What Lambda Architecture wanted to solve

  • Batch processing is "accurate but slow".
  • Streaming processing is "fast but tends to be inaccurate".
  • Neither alone can satisfy requirements of large-scale data analysis.

→ Solution: "Balance accuracy and immediacy by using 'Batch Layer' and 'Speed Layer' together."

What Kappa Architecture wanted to solve

  • Maintenance of 2 systems in Lambda Architecture is hard (Code duplication, Model double management).
  • Discussion "Is batch unnecessary?" emerged due to evolution of streaming technology.

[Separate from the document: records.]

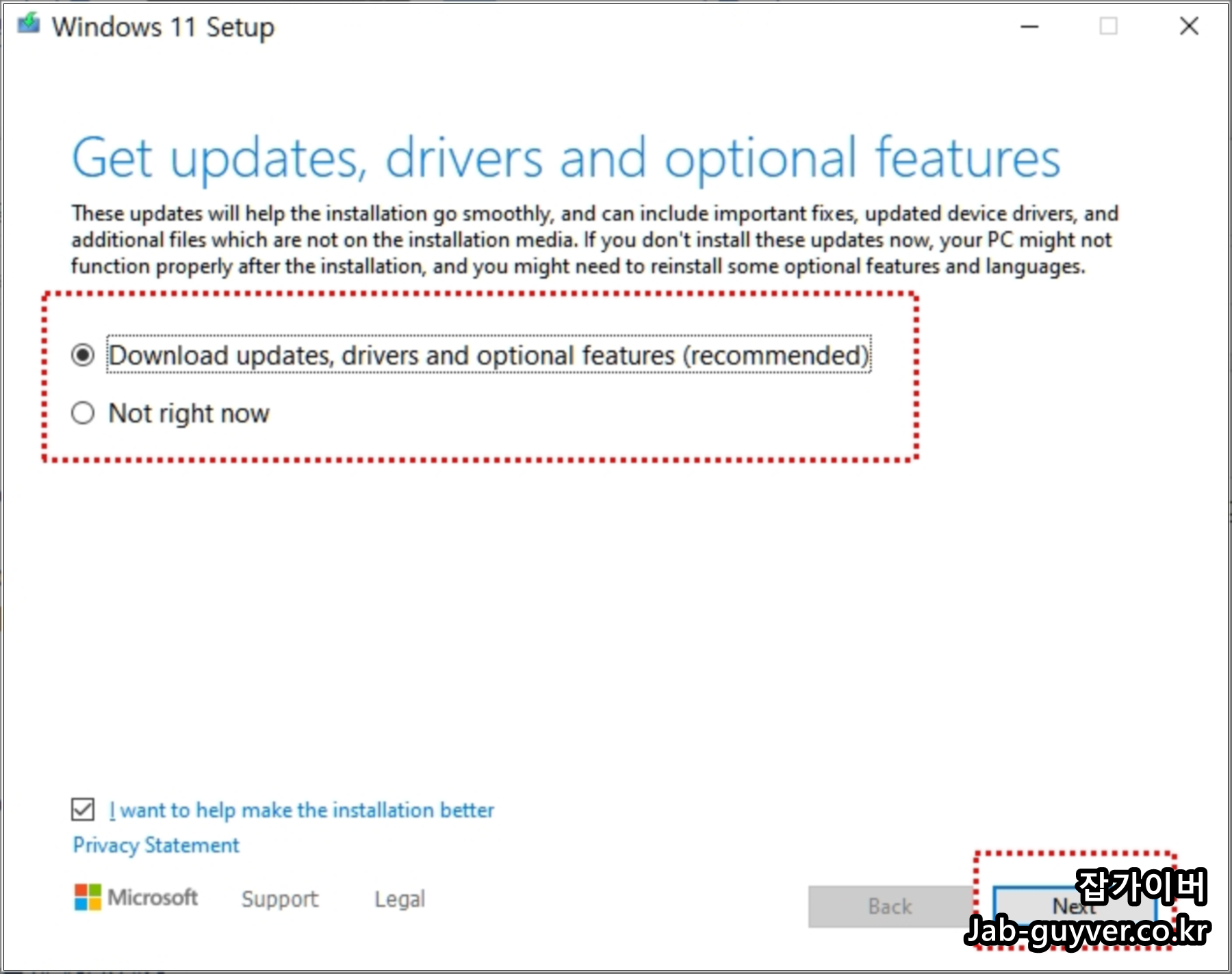SETUP.EXE 파일을 통해 설치를 진행하게되면 윈도우11 업그레이드 화면이 뜹니다.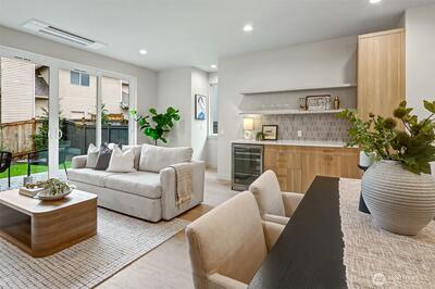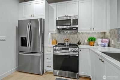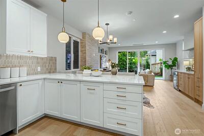 Stylish new construction offering a seamless blend of contemporary design and comfortable living. This thoughtfully designed 2-bedroom, 2.5-bath home features high-quality finishes and a bright, modern feel throughout. The chef’s kitchen is equipped with premium appliances, quartz countertops, and custom cabinetry. The open-concept main level provides spacious living and dining areas centered around a cozy fireplace, along with a sleek dry bar and convenient powder room. Upstairs, vaulted ceilings create an airy atmosphere in the light-filled primary suite, complete with a spa-inspired bathroom and heated floors. Step outside to a private patio and fully fenced yard surrounded by lush greenery—ideal for entertaining or relaxing. Two off-street parking spaces included.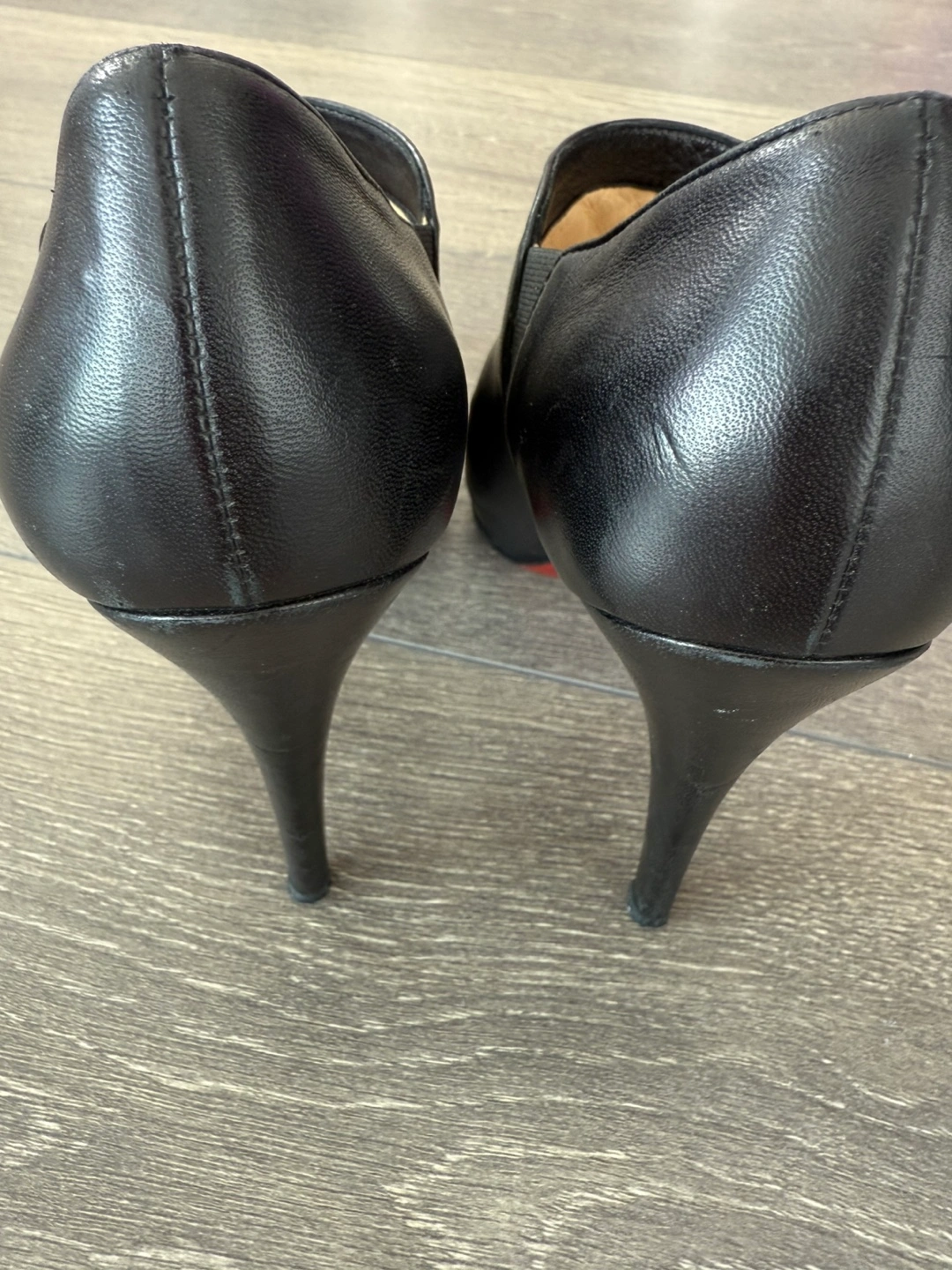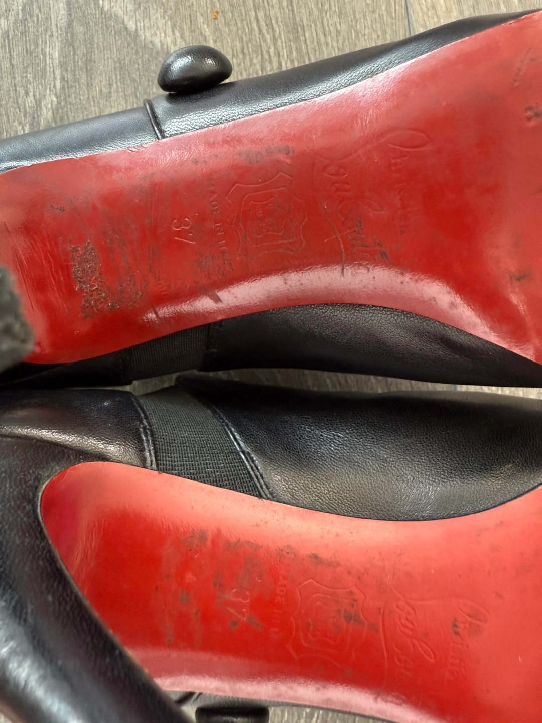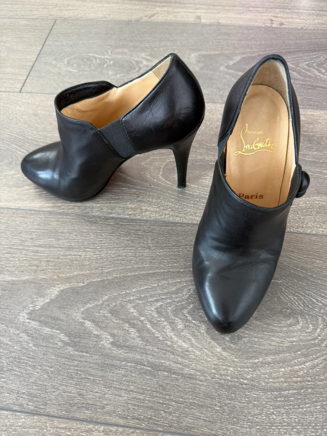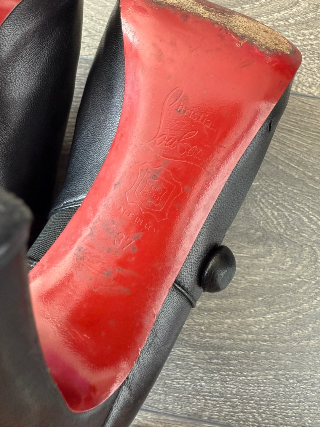 Selling a pair of Christian Louboutin black leather booties. They are a size 37 and feature a classic design with the iconic red sole. They have some signs of wear on shoes , but are otherwise in good condition.

→ Solution: "Unify all processing as streaming."

✅ Basic Philosophy & Rules

Three Layers of Lambda Architecture

  1. Batch Layer
    Accumulates raw data (immutable) and creates true value by periodic batch recalculation.
  2. Speed Layer (Streaming Layer)
    Near real-time processing to complement the gap until batch comes.
  3. Serving Layer
    Merges and provides batch result + streaming result.

Philosophy of Kappa Architecture

  • "Batch processing can also be expressed by replay of stream."
  • Abolish batch layer and configure with single stream processing.
  • Recalculation of state is realized by Replay of stream.

✅ Suitable Applications

Lambda

  • DWH-type analysis requiring accurate aggregation.
  • Cases requiring both batch ETL and real-time analysis.
  • Phased migration in large organizations (Continued use of existing batch).

Kappa

  • Business centered on real-time processing (Monitoring, Detection, IoT).
  • When wanting to build simple pipeline centered on stream.
  • Environment with recalculation needs but don't want to hold batch.

❌ Unsuitable Cases

Lambda

  • Development and operation are complex (Management of 2 layers).
  • Over-engineering for small to medium scale data.

Kappa

  • Cases where DWH-like accurate aggregation is strongly required.
  • Environment where streaming infrastructure is not established.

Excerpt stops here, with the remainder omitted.